Dated TIC Data Shows Demand for US Treasuries Falling Sharply Back in June...
The latest TIC, or Treasury International Capital data, for the month of June, showed that foreign investors bought less US government debt In June. Treasuries were sold to the tune of $18.3 billion, which is the biggest one-month slide since June of 2000. If we look at a broader category, overall foreign investors bought a net $3.7 billion of long-term US assets in June which is down sharply from $24.2 billion in May.
But, we should take this data release as one that is quite dated. The drop was likely a result of the escalating budget and debt ceiling debate we had in Washington during the month which extended well into July, and into the beginning of August. We should therefore see July's TIC data come in weaker than expected.
In August however, we saw a resumption of capital flows towards US treasuries as equity markets around the globe fell and we had a "flight to safety". That happened even despite the S&P downgrade of the US credit rating was a main catalyst for the sharp equity selloff.

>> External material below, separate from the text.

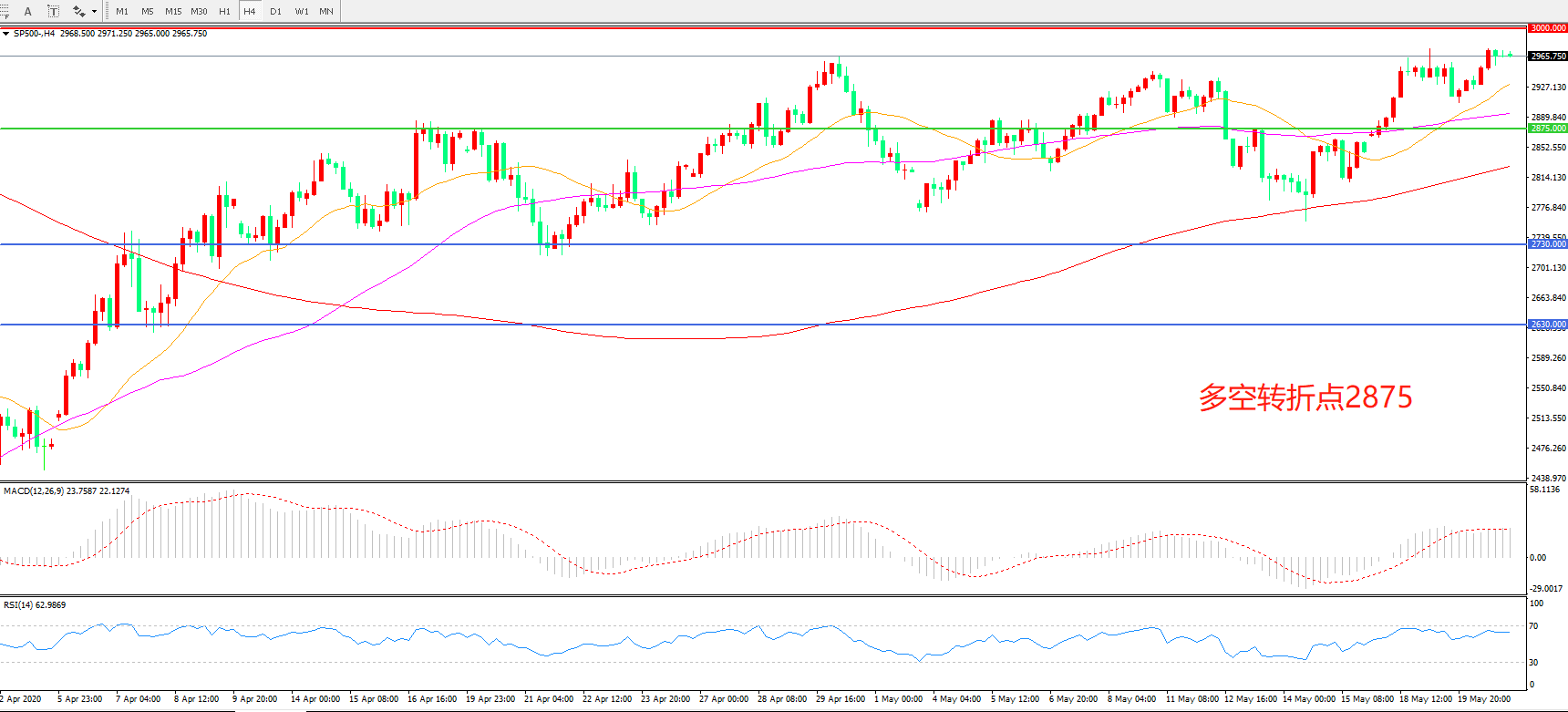 周二(5月20日),复工带来经济复苏的希望,科技股强劲上涨加之油价走高推升市场风险情绪,标普500震荡上行,收报2967点。目前标普500指数已较3月23日的收盘低点已经上涨了近33%,而由于未来几周的经济数据可能会令人沮丧,股市有短期“超买”风险。

If would take a look inside of the data we see that the official demand from foreign investors - that is central banks - increased during the month, as China for instance increase its holdings of Treasuries in June. The declines were concentrated in Luxembourg and the Cayman Islands, which suggests that it's private funds that were doing most of the selling during the month.
...S&P500 Still Rallies as M&A Activity Boosts Confidence.
So even despite the weaker US data we saw a general positive tone towards sentiment in equities which created a double whammy for the USD. On the back of weaker fundamental data, it lost some of its allure as a safe haven as risk eased out of the market.
Current stock valuations as well as a pickup in takeovers overshadowed the economic data in the US and we saw stocks extending their rebound with the S&P 500, which is now up 6.6% since August 10 - the biggest three-day rally since March of 2009. As we remember that was our bottom following the financial crisis of 2008.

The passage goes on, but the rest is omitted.